▶ _GIVEN MATERIAL_:
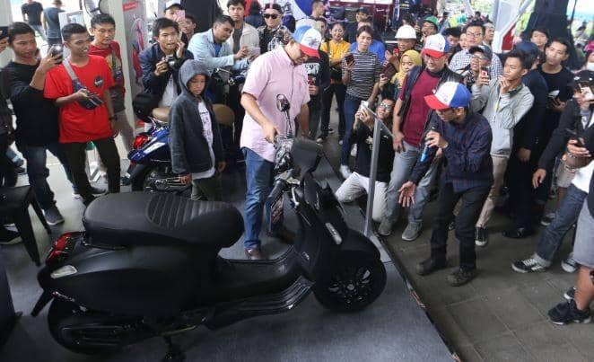 6. Anies Baswedan dengan detail memerhatikan varian terbaru, Vespa Sprint Notte limited edition
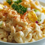 Whether you’re preparing for a festive family gathering, a casual potluck, or simply looking to add some wow-factor to your weeknight meal, this Deviled Egg Macaroni Salad is absolutely a must-try. I’m confident that once you taste its comforting and distinctive flavors, it will quickly become a cherished favorite in your recipe collection. Enjoy every delicious bite!
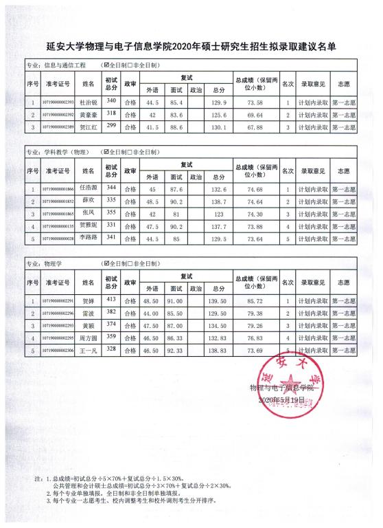 根据《教育部办公厅关于做好2020年全国硕士研究生复试工作的通知》(教学厅〔2020〕4号)文件和陕西省教育考试院有关文件和会议精神、威廉希尔足球官网《关于做好2020年硕士研究生复试录取工作的通知》相关规定,公司2020年一志愿硕士研究生招生复试工作已完成,现就复试后拟录取建议名单予以公示,公示期为 2020年5月19日下午2:00至2020年5月22日下午2:00,如有考生对成绩有疑问,可在公示期间以电话、电子邮件形式反馈,逾期不予受理。

▶ _YOUR GOAL_: Give back the whole listing exactly; no pictures.

▶ _RESPONSE TO THE EXERCISE_:
 6. Anies Baswedan dengan detail memerhatikan varian terbaru, Vespa Sprint Notte limited edition
 Whether you’re preparing for a festive family gathering, a casual potluck, or simply looking to add some wow-factor to your weeknight meal, this Deviled Egg Macaroni Salad is absolutely a must-try. I’m confident that once you taste its comforting and distinctive flavors, it will quickly become a cherished favorite in your recipe collection. Enjoy every delicious bite!
 根据《教育部办公厅关于做好2020年全国硕士研究生复试工作的通知》(教学厅〔2020〕4号)文件和陕西省教育考试院有关文件和会议精神、威廉希尔足球官网《关于做好2020年硕士研究生复试录取工作的通知》相关规定,公司2020年一志愿硕士研究生招生复试工作已完成,现就复试后拟录取建议名单予以公示,公示期为 2020年5月19日下午2:00至2020年5月22日下午2:00,如有考生对成绩有疑问,可在公示期间以电话、电子邮件形式反馈,逾期不予受理。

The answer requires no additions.